Nai could attest how lost I was the moment I’d seen my human.
The clock ticked inconsistently. It passed here. It passed above. But still, it passed.
Until I knew what this meant—until I understood my own stakes and motives—I didn’t dare include my legions, no matter how loyal they were to me, knowing they served their king and kingdom above all.
I needed a plan, and I wasn’t sure how much I trusted anyone to execute it, as I barely trusted myself.
I had nine mortal months before her soul would reenter the earth.
Eight now? Four? One? Had she already been born? What was this godsforsaken entanglement with time and my damned relationship to it.
I remained at my desk, writing nothing, reading nothing, unmoving, save for the mental tally I made of prospective enemies.
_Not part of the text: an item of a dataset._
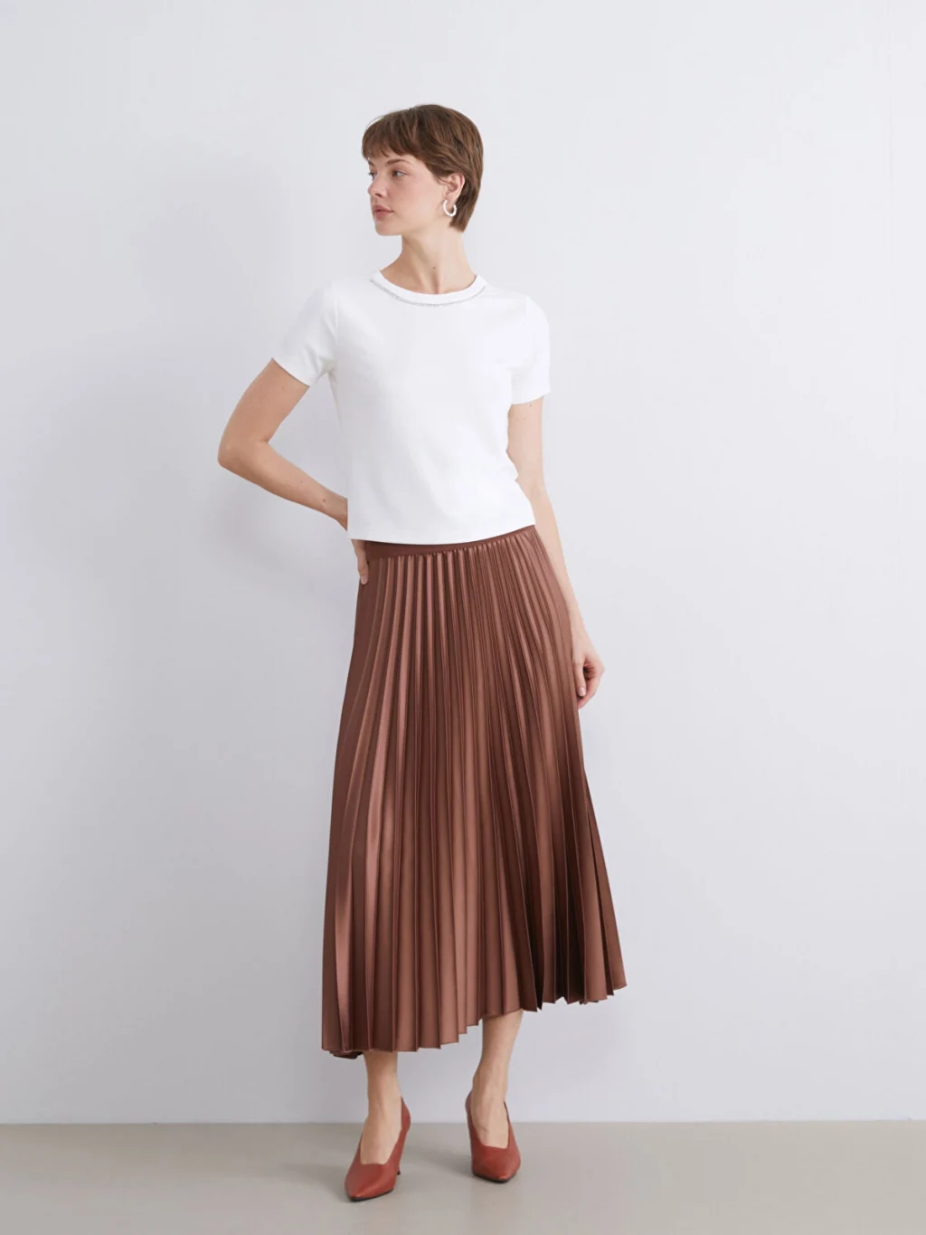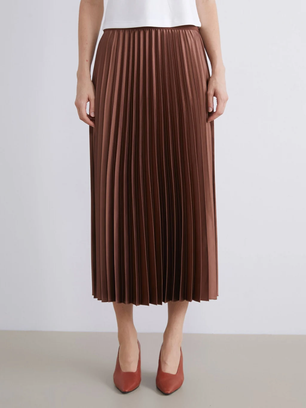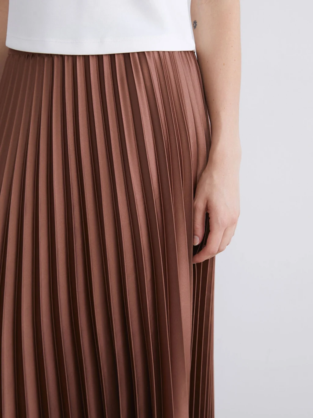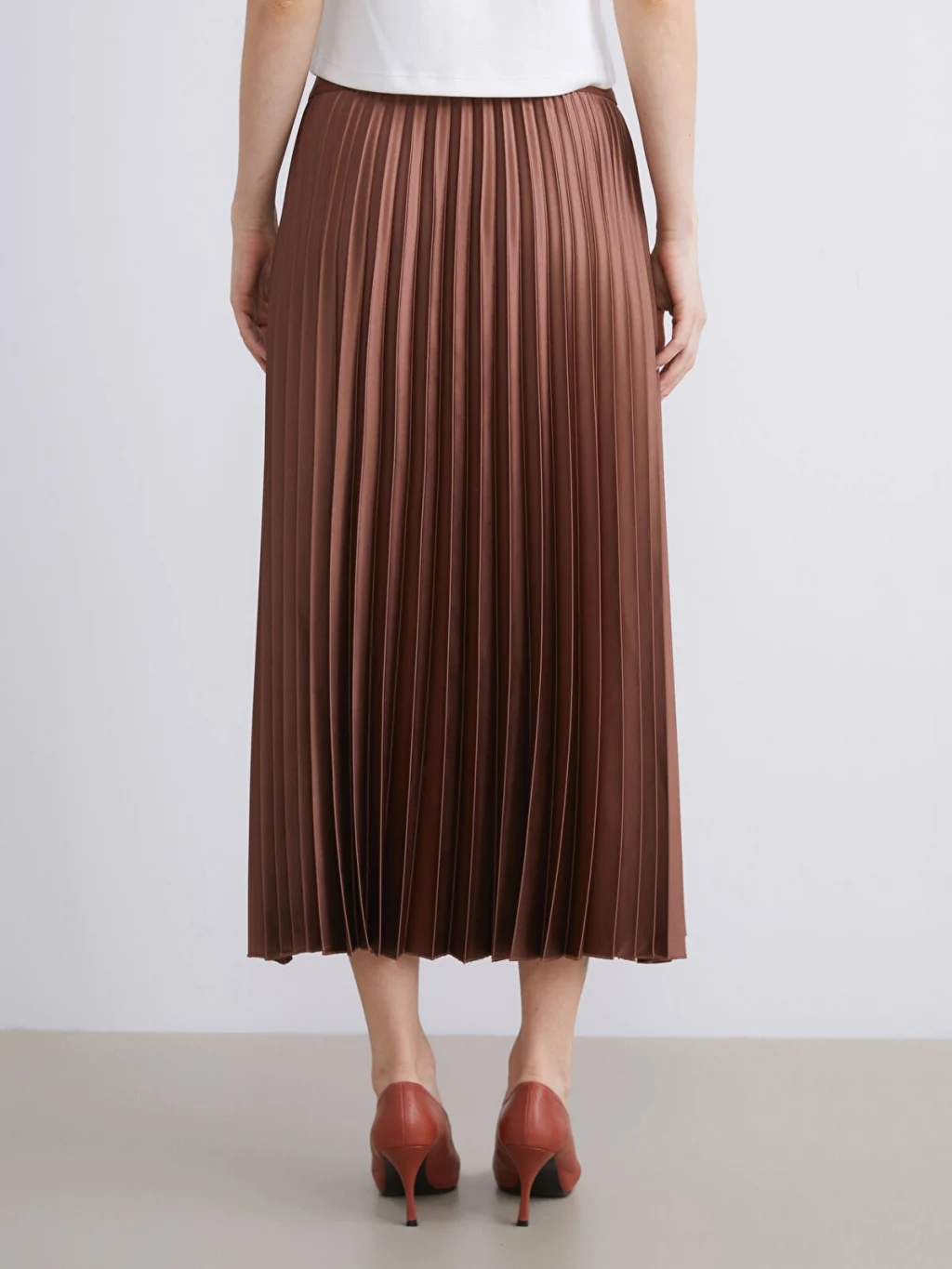 Beli lastikli ve piliseli kadın etek, saten kumaştan üretilmiştir. Astarsız olan model, midi boy kesime sahiptir.

As it stood, two members of the Hellenic pantheon could identify my human’s shimmering aura, if pressed.
Was I ready to make an enemy of one of the strongest pantheons?
I thought of Athena and the miraculous hand she’d granted in our moment of need, but I wouldn’t let a moment of benevolence sway me if she had the chance to betray Eleni, Shala, Love.
As the first son of Hell, I had godhood in its own right.
Fae, cryptids, supernatural entities from all realms could live forever unless their life was ended by a god. Only gods could kill their own.
I thought of Eleni’s barefoot, tear-soaked night bathed in silver moonlight in front of Athena’s temple. The night she’d gone from a Hellenic devotee to mine.
My enemies were numerous, both real and imagined.
Age. Disease. Every human in existence. Nai. Athena. Izi.
If she was on Grecian soil again, would I fight Olympus for her?
Tick, tick, tock.
I had the ability to kill a goddess if I needed to, but it wouldn’t come to that.
Athena would keep my secrets, not for me, but for wisdom’s sake.
Nai the water nymph, a minor deity in her own right, would have to go.
As an immortal, they’d know a god-killer was to blame, but I couldn’t risk the leak.
Whether or not my kingdom had a fallout with the Hellenic pantheon as a result would be a problem for tomorrow.
I’d slay my own sister tonight, in this palace, if I thought it would serve my human.
Any moment now, Love would be reborn.
What I was going to do when that time was over, however, I had no idea.